Adding new files for Subversion is also fairly easy. It looks very similar to how CVS does the same task (see below for CVS.) The command sequence is as follows:

	% svn file:///$HOME/repository checkout
	% mkdir AutoConf
	% svn add AutoConf
	% cd AutoConf
	% cp $oldsrc/* .
	% svn add COPYRIGHT Makefile.am features.h snprintf.c syslog.c
	% svn add aclocal.m4 logger.1 strftime.c syslog.h MANIFEST
	% svn add configure.in logger.c syslog.3
	% svn commit -m 'logger -- a simple syslog replacement'

Adding files to cvs closely follows the process used by Subversion. This isn't terribly surprising, as the Subversion authors have expressed their intent to make Subversion's command line interface close to the command line interface of cvs.
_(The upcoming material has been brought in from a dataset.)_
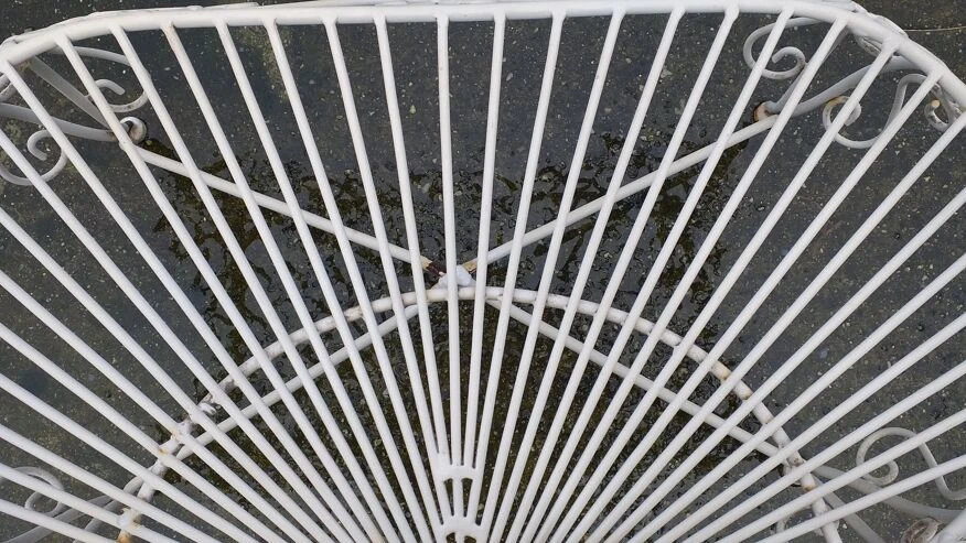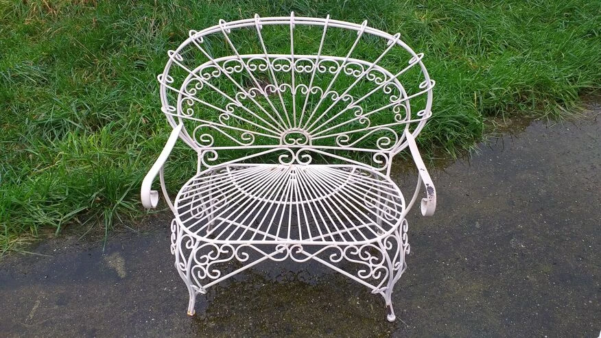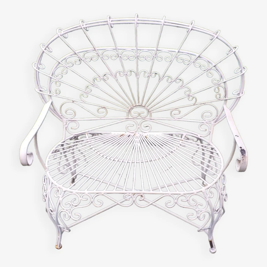 Banc causeuse paon en fer forgé salterini vintage bon état à noter quelques traces d’usages et de rouille sur certaines parties, stable.

The command sequence for adding files to CVS is:

	% cvs -d $HOME/repository checkout
	% mkdir AutoConf
	% cvs add AutoConf
	% cd AutoConf
	% cp $oldsrc/* .
	% cvs add COPYRIGHT Makefile.am features.h snprintf.c syslog.c
	% cvs add aclocal.m4 logger.1 strftime.c syslog.h MANIFEST
	% cvs add configure.in logger.c syslog.3
	% cvs commit -m 'logger -- a simple syslog replacement'

Editing files is the next major task on our list. CVS and subversion requires no special activities to make a file ready to edit, as both check the files out read-write. Perforce checks files out read-only by default, and you have to explicitly request to edit them. To check files out for read-write access using Perforce, the following command is executed:

	% p4 edit COPYRIGHT
	//depot/AutoConf/COPYRIGHT#1 - opened for edit
	% $EDITOR COPYRIGHT

I hope it is now obvious how to check in a changed file.

For perforce:

	% p4 submit COPYRIGHT

For SubVersion:

	% svn commit COPYRIGHT

For CVS:

	% cvs commit COPYRIGHT

All of the preceding check-in examples cause the respective SCM system to start the users $EDITOR, and fill out the appropriate form. CVS and SubVersion have a command line shorthand as well, in the -m option, taking an argument describing the reason for the change.

Removing files from the repository is occasionally required. We all wish to believe that everything we write will last forever, but there comes a time when something is no longer be needed. With that in mind, we'll look at removing files in each of our tools under study.

In Perforce:

	% p4 delete aclocal.m4
	//depot/AutoConf/aclocal.m4#1 - opened for delete
	% p4 submit aclocal.m4
	Change 3 created with 1 open file(s).
	Submitting change 3.
	Locking 1 files ...
	# $EDITOR runs here.
	delete //depot/AutoConf/aclocal.m4#2
	Change 3 submitted.

Perforce seems to be rather verbose about what it is doing..

In SubVersion:

	% svn delete aclocal.m4
	D  aclocal.m4
	% svn commit -m "auto-generated file, oops" aclocal.m4
	Deleting       aclocal.m4

	Committed revision 2.
	%

In CVS:

	% cvs delete aclocal.m4
	cvs remove: file `aclocal.m4' still in working directory
	cvs remove: 1 file exists; remove it first
	% rm aclocal.m4
	% cvs delete aclocal.m4
	cvs remove: scheduling `aclocal.m4' for removal
	cvs remove: use 'cvs commit' to remove this file permanently
	% cvs commit -m "auto-generated file, oops" aclocal.m4
	Removing aclocal.m4;
	/home/boomer/eric/tmp/CVS/AutoConf/aclocal.m4,v  <--  aclocal.m4
	new revision: delete; previous revision: 1.1
	done
	% 

As seen above, all three systems treat the removal of a file as just another change to be made to the repository.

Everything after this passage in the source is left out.